[[ Provided data, beginning ]]

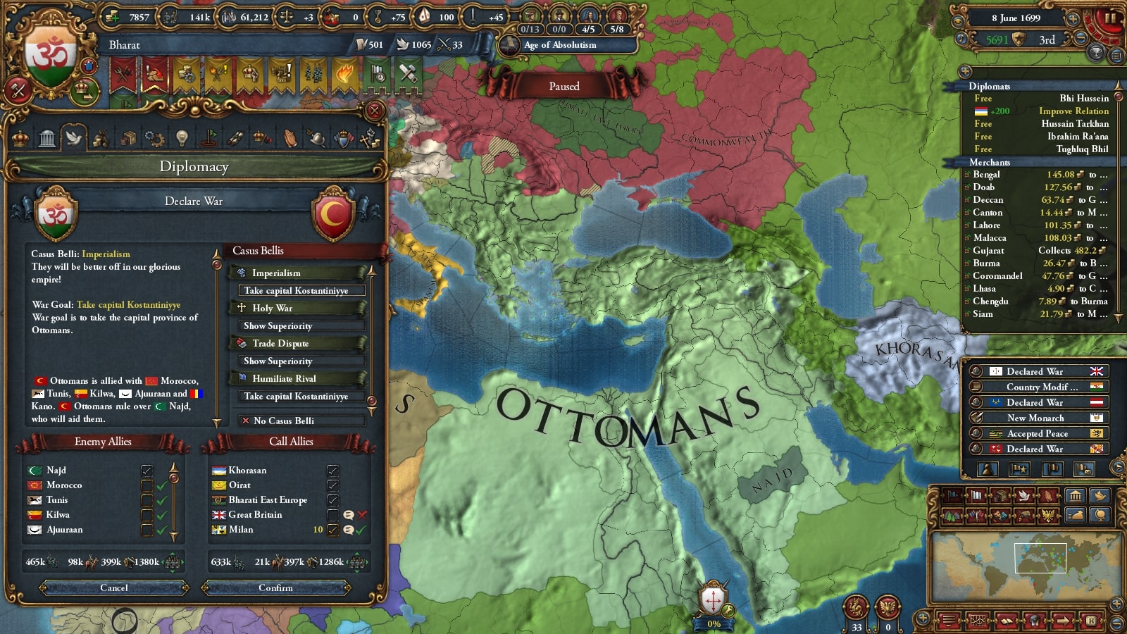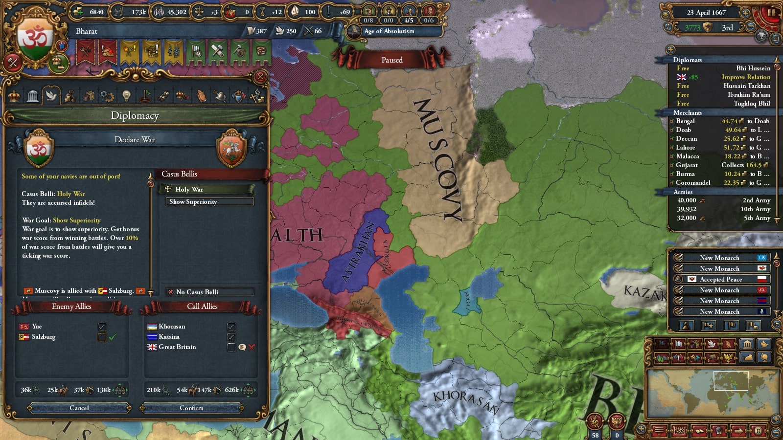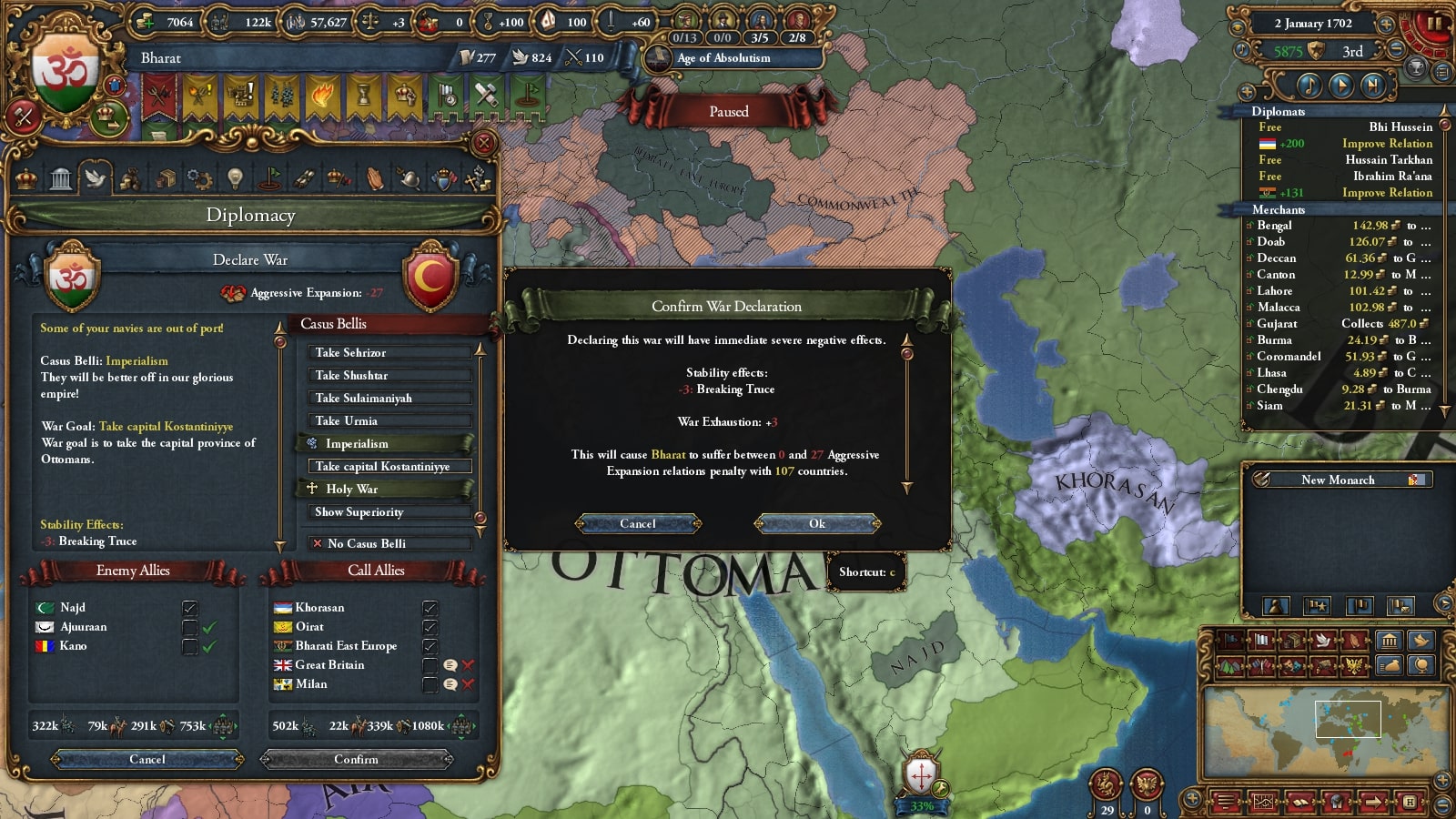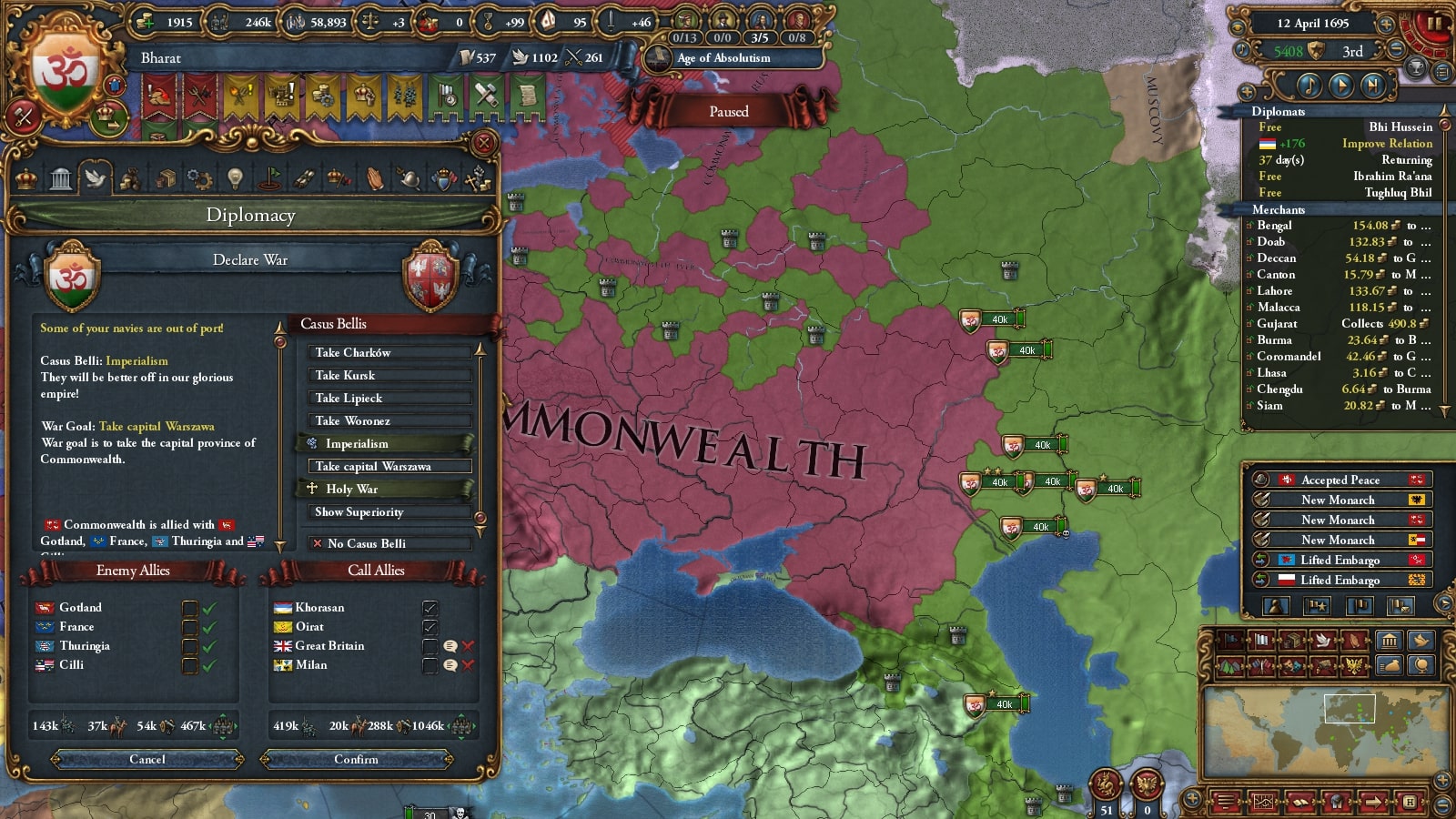 オスマン連れて第二次コモンウェルス戦です。敵同盟国で厄介なのは50k出してくるアウクスブルク/Augsburgくらい、余裕でしょう。
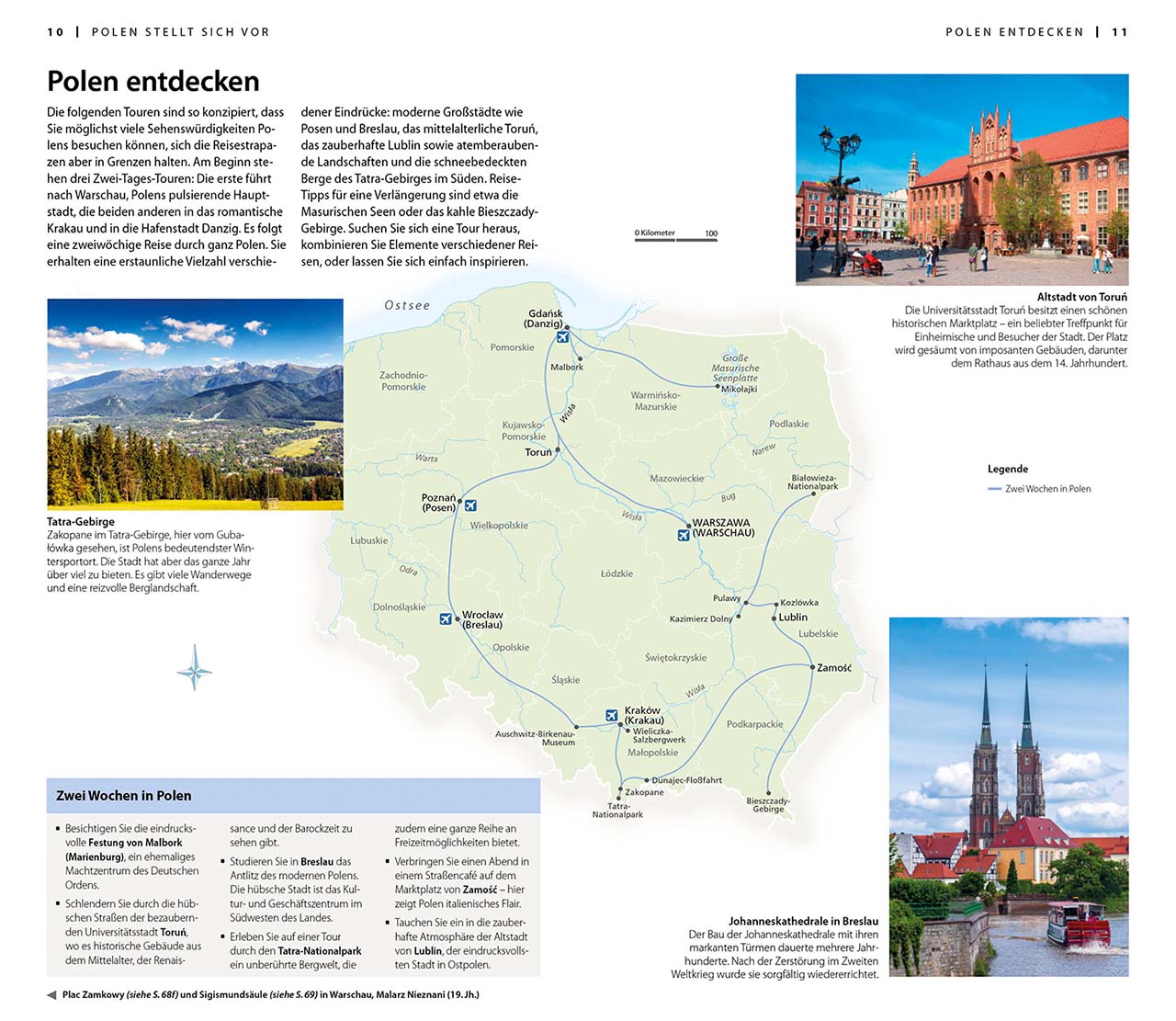 -Umfangreiche Porträts stellen die beeindruckende Natur und Kultur Polens vor von Architektur bis zu Literatur, Film & Musik. Im Kapitel "Zu Gast in Polen" gibt es umfangreiche Tipps zu Restaurants, Shopping, Nachtleben und Unterhaltung. Machen Sie z.B. einen Einkaufsbummel im großen Shopping-Center Zlote Tarasy oder genießen Sie eine Theateraufführung im Teatr Wielki, Warschau.
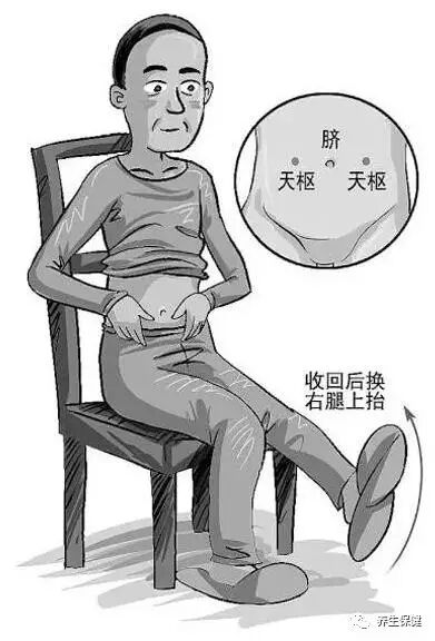 天枢穴位于肚脐旁2寸处,为左右对称两穴。它主疏调肠腑、理气行滞、消食,是腹部要穴。两腿并拢坐在椅子上,按压天枢穴,左腿尽量向上抬,然后收回,换右腿上抬、收回为1次,反复做5次。在大便时,可以用左手中指点压左侧天枢穴,至有酸胀感时按住不动,坚持一分钟左右即有便意,然后屏气增加腹内压力即可排便。
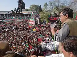 Le , le PTI arrive largement en tête des législatives mais sans obtenir de majorité absolue. Il entame alors des négociations pour former un gouvernement de coalition avec des petits partis et des indépendants[19]. Le , le PTI annonce avoir trouvé un accord en vue de former un gouvernement de coalition, ralliant la Ligue musulmane du Pakistan (Q), le Parti baloutche Awami et la Grande alliance démocratique. Le Mouvement Muttahida Qaumi rejoint peu après la majorité[20],[19]. De plus, le PTI renforce largement sa position à l'Assemblée provinciale de Khyber Pakhtunkhwa et prend la tête à l'Assemblée provinciale du Pendjab grâce à des ralliements indépendants.
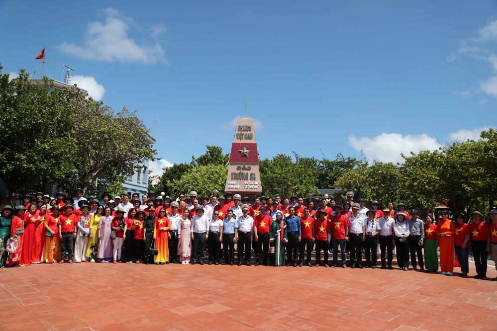 Các đại biểu chụp ảnh lưu niệm bên cột mốc chủ quyền Trường Sa
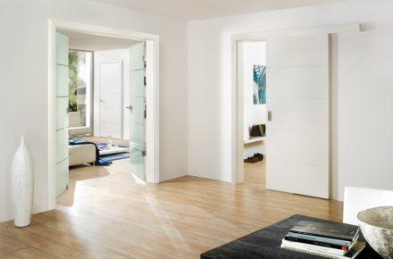 Модерн приемлет практически любые варианты белых полотен: как гладкие глухие, так и филенчатые. Сюда же стоит отнести арт-деко и фьюжн. Модели с глянцевой поверхностью впишутся в стиль хай-тек, особенно если дополнить дверь подходящей фурнитурой.

[[ Provided data, end ]]

Problem requirements =>
Leave out the pictures and restate, word for word, the lines from the top of the data through the line containing "Các đại biểu", both included.

Reply =>
 オスマン連れて第二次コモンウェルス戦です。敵同盟国で厄介なのは50k出してくるアウクスブルク/Augsburgくらい、余裕でしょう。
 -Umfangreiche Porträts stellen die beeindruckende Natur und Kultur Polens vor von Architektur bis zu Literatur, Film & Musik. Im Kapitel "Zu Gast in Polen" gibt es umfangreiche Tipps zu Restaurants, Shopping, Nachtleben und Unterhaltung. Machen Sie z.B. einen Einkaufsbummel im großen Shopping-Center Zlote Tarasy oder genießen Sie eine Theateraufführung im Teatr Wielki, Warschau.
 天枢穴位于肚脐旁2寸处,为左右对称两穴。它主疏调肠腑、理气行滞、消食,是腹部要穴。两腿并拢坐在椅子上,按压天枢穴,左腿尽量向上抬,然后收回,换右腿上抬、收回为1次,反复做5次。在大便时,可以用左手中指点压左侧天枢穴,至有酸胀感时按住不动,坚持一分钟左右即有便意,然后屏气增加腹内压力即可排便。
 Le , le PTI arrive largement en tête des législatives mais sans obtenir de majorité absolue. Il entame alors des négociations pour former un gouvernement de coalition avec des petits partis et des indépendants[19]. Le , le PTI annonce avoir trouvé un accord en vue de former un gouvernement de coalition, ralliant la Ligue musulmane du Pakistan (Q), le Parti baloutche Awami et la Grande alliance démocratique. Le Mouvement Muttahida Qaumi rejoint peu après la majorité[20],[19]. De plus, le PTI renforce largement sa position à l'Assemblée provinciale de Khyber Pakhtunkhwa et prend la tête à l'Assemblée provinciale du Pendjab grâce à des ralliements indépendants.
 Các đại biểu chụp ảnh lưu niệm bên cột mốc chủ quyền Trường Sa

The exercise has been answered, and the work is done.